Mesothelioma surgery improves quality of life
Although surgery can prolong the lives of patients with an aggressive type of cancer called malignant pleural mesothelioma, many patients avoid the operation for fear it will degrade their quality of life.
But a study led by a Loyola Medicine thoracic surgeon has found just the opposite: Patients who underwent an operation called pleurectomy and decortication (PD) generally reported their quality of life improved after surgery.
Wickii Vigneswaran, MD, presented the study during the 2016 annual meeting of the American Society of Clinical Oncology. Dr. Vigneswaran is division director of thoracic surgery and a professor in the department of thoracic and cardiovascular surgery of Loyola University Chicago Stritch School of Medicine.
Malignant pleural mesothelioma is caused by environmental factors such as exposure to asbestos as well as a genetic predisposition to the cancer. It develops in the pleura, the thin layer of tissue surrounding the lungs. As the tumor grows, it restricts the lungs, typically causing shortness of breath, fatigue, weight loss and/or chest discomfort and pain. In PD surgery, the pleura is removed. While the procedure cannot cure mesothelioma, it can help control the buildup of fluid, improve breathing and lessen cancer pain.
Dr. Vigneswaran and colleagues administered a cancer quality-of-life survey known as the EORTC QLQ-C30 to 114 mesothelioma patients who underwent PD surgery. The median age was 70, with a range of 50 to 88. Prior to surgery, 31 percent of the patients had a performance status score of 0 (fully functional); 65 percent had a performance status score of 1 (able to do light house work or office work); and 4 percent had a performance status of 2 (ambulatory and capable of self-care, but unable to work). Following surgery, all patients were surveyed at 1 month, 4-5 months, 7-8 months and 10-11 months.

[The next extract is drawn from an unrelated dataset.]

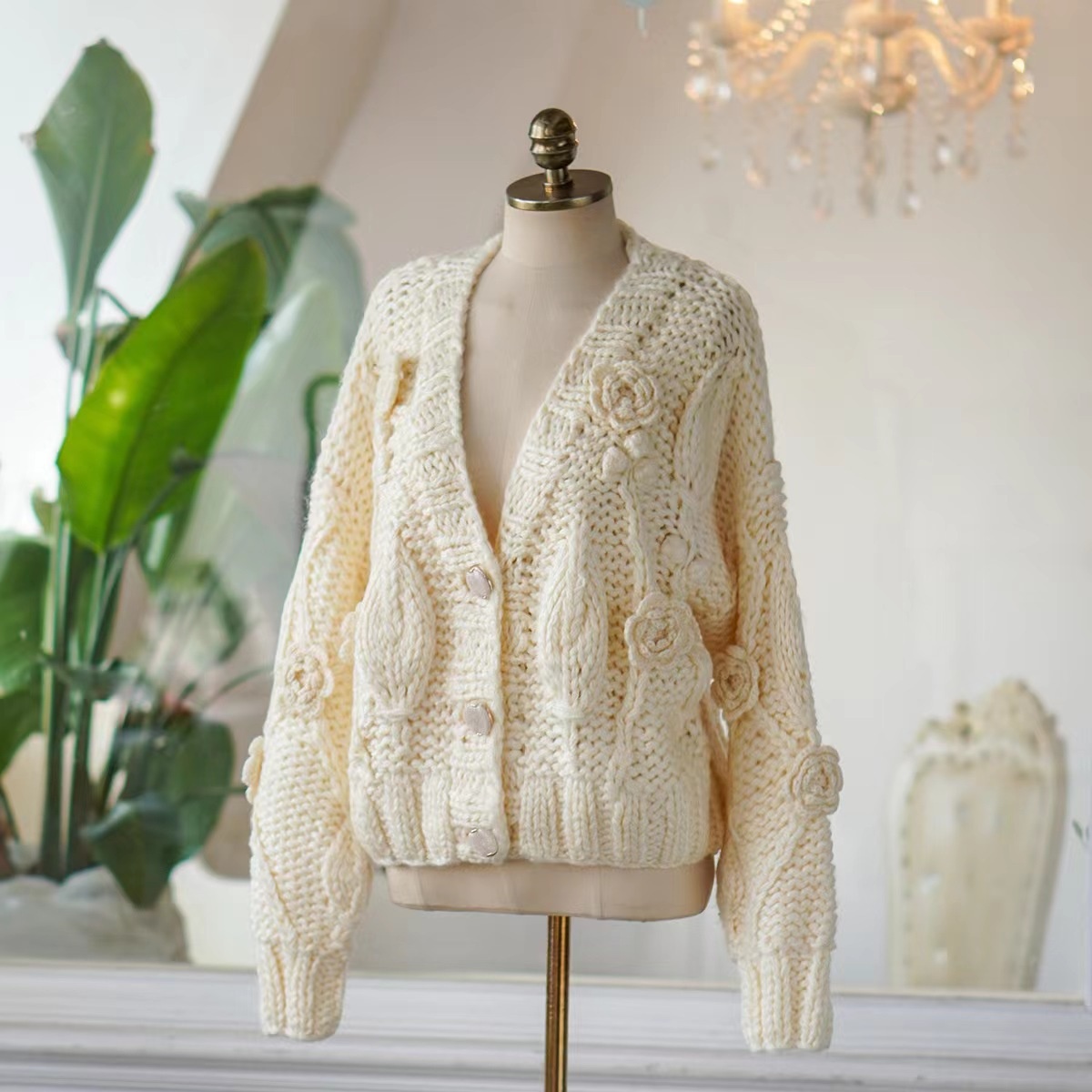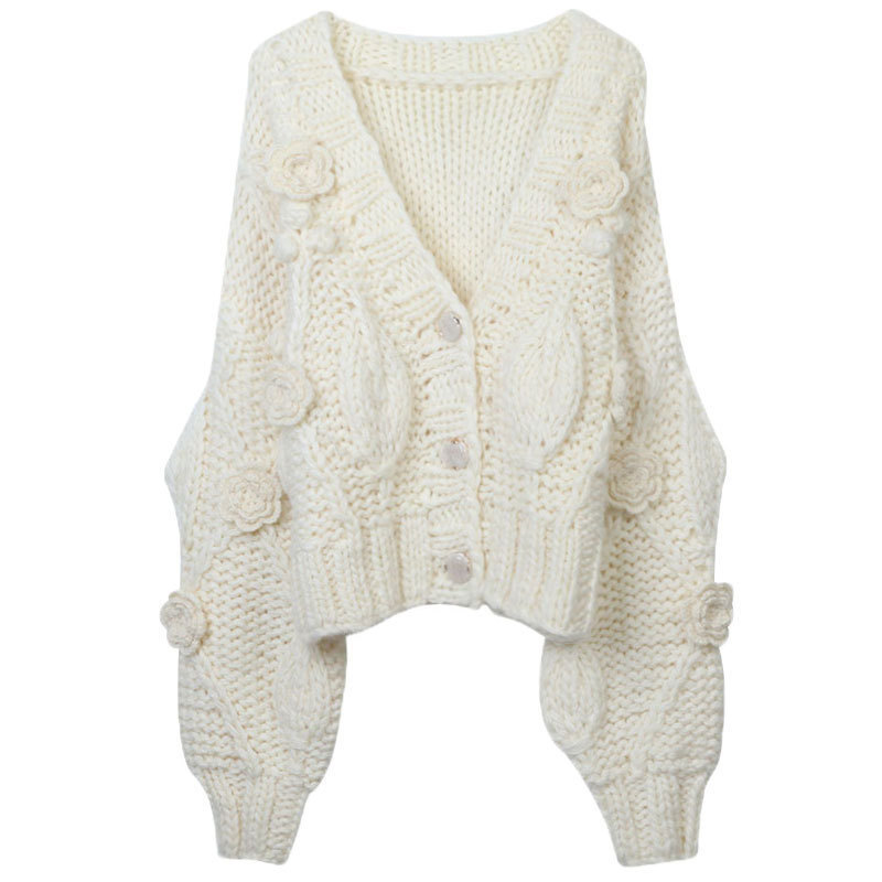 Handmade Crochet Batwing Sleeve V-neck Sweater

The quality of life survey measured overall functioning (physical, emotional, cognitive, etc.); general symptoms (fatigue, nausea/vomiting and pain); individual items (shortness of breath, diarrhea, insomnia, constipation and financial difficulties) and overall health.

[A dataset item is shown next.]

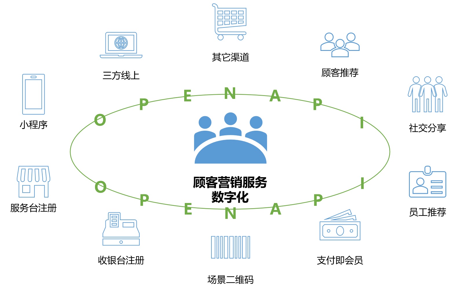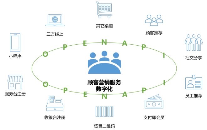打造起更為多渠道、多手段、流暢便捷的全觸點(diǎn)會員拉新模式,充分利用現(xiàn)有場景、創(chuàng)造創(chuàng)新場景,實(shí)現(xiàn)公域引流與私域轉(zhuǎn)化,完成顧客向會員的沉淀。除傳統(tǒng)方式外,支持支付即會員、社交拉新、場景二維碼拉新等多種形式。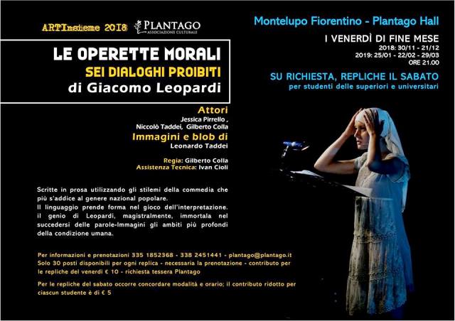 A partire da venerdì 30 novembre 2018, tutti i venerdì di fine mese fino a marzo del prossimo anno, presso la Plantago Hall, via Giro della Mura 76, Montelupo Fiorentino, alle ore 21, Plantago Associazione Culturale presenta: Le Operette Morali, “sei dialoghi proibiti” di Giacomo Leopardi, restituiti in una lettura per la scena, curata da Gilberto Colla, affidata a tre attori con accompagnamenti musicali e supporti visivi.

Improved quality of life was observed in the first month after surgery and was maintained at late follow-up in all patients. Quality of life was not adversely affected by surgery at any time in patients who, prior to surgery, had performance status of 1 or 2; a tumor volume greater than 600 ml. or a type of tumor cell called non-epithelioid.
"The net benefit of pleurectomy and decortication justifies the procedure in the majority of patients with malignant pleural mesothelioma," Dr. Vigneswaran concluded.
The study is titled "Quality of Life in Patients Undergoing Pleurectomy and Decortication for Malignant Pleural Mesothelioma." The surgeries were performed by Dr. Vigneswaran at University of Chicago Medicine, where he practiced before recently joining Loyola.